Marc's Blog

About Me

My name is Marc Brooker. I've been writing code, reading code, and living vicariously through computers for as long as I can remember. I like to build things that work. I also dabble in brewing, cooking and skiing.

I'm currently an engineer at Amazon Web Services (AWS) in Seattle, working on computing without computers and block storage without disks.
All opinions are my own.

Related Links

Amazon Elastic Block Store is Hiring! @MarcJBrooker on Twitter

Viewstamped Replication: The Less-Famous Consensus Protocol

The first practical consensus protocol may be the least famous.

There's no doubt that Paxos is the most famous distributed consensus protocol. Distributed systems reading lists (such as this one by Dan Creswell and this one by Christopher Meiklejohn) nearly all include at least one paper describing it. That's as it should be. There's no doubt Paxos has been extremely influential in industry, and has formed the basis of many extremely successful systems. Lamport's Paxos Made Simple is very readable, and papers like Google's Paxos Made Live have helped raise the visibility of good Paxos implementation techniques.

Raft, on the other hand, is the most fashionable distributed consensus protocol. It seems like everybody's implementing it right now. I don't know if it's as understandable as it claims to be, but it's definitely in vogue. While I'm not a big fan of technology fads, I find it difficult to be upset about this one. Anything that encourages people to use well-proven distributed algorithms instead of crafting their own is good in my book.

By comparison to Paxos and Raft, one distributed consensus protocol seems frequently overlooked: Oki and Liskov's Viewstamped Replication. Introduced in May 1988 in Brian Oki's PhD thesis, Viewstamped Replication predates the first publication of Paxos by about a year. If you're looking for intrigue you may be disappointed: both Lamport and Liskov claim the inventions were independent. First, from Viewstamped Replication Revisited:

VR was originally developed in the 1980s, at about the same time as Paxos, but without knowledge of that work.

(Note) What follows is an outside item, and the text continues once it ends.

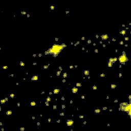 Compuesto anual de imágenes nocturnas de Andalucía generado a partir de imágenes del satélite DMSP-F14, captadas por el sensor OLS. Corregido geométricamente, remuestreado a 100m de resolución. Año 1999.

and from Keith Marzullo's comments in the 1998 reprinting of The Part-Time Parliament:

The author was also apparently unaware that the view management protocol by Oki and Liskov seems to be equivalent to the Paxon protocol.

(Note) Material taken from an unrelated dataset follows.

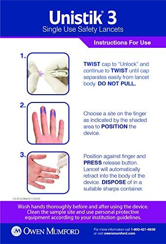 Blood sampling made easy! Just twist the cap to unlock, place against your finger and press the release button. Diabetics can enjoy safe, comfortable and simple blood glucose testing with Unisex 3 pre-set single use safety lancets. The Unistik 3 comes pre-set and ready for use. The needle point is hidden before use and automatically retracts after use To avoid accidental needle sticks and cross infection. The pre-loaded stainless steel lancet penetrates the skin to precisely the right Depth. The Unistik 3 features the comfort Zone system – a series of 8 dots that when pressed against the skin sends a comforting message to the brain, providing a distraction that makes sampling virtually pain-free. A side activation button increases patient comfort by reducing the amount of pressure placed on the test site. Normal: (Yellow colored body) – Medium blood flow for standard blood glucose testing gauge: 23g Depth: 1.8mm package Size: 100-Count

In many ways, the Paxos protocol as described in The Part-Time Parliament and the Viewstamped Replication protocol are surprisingly different. Paxos' Synod protocol is the basic building block of consensus, and is used more-or-less directly for data replication. On the other hand, in VR, normal requests are merely stamped with a view number on their way through the primary, and are sent to all the replicas in parallel. The similarities start to become apparent when looking at how that view number is chosen: VR's view change protocol. In fact, the view change protocol describe in Section 4.2 of Viewstamped Replication Revisited bears a striking resemblance to the Paxos Synod protocol, especially when compared to the description in Section 2.2 of Paxos Made Simple.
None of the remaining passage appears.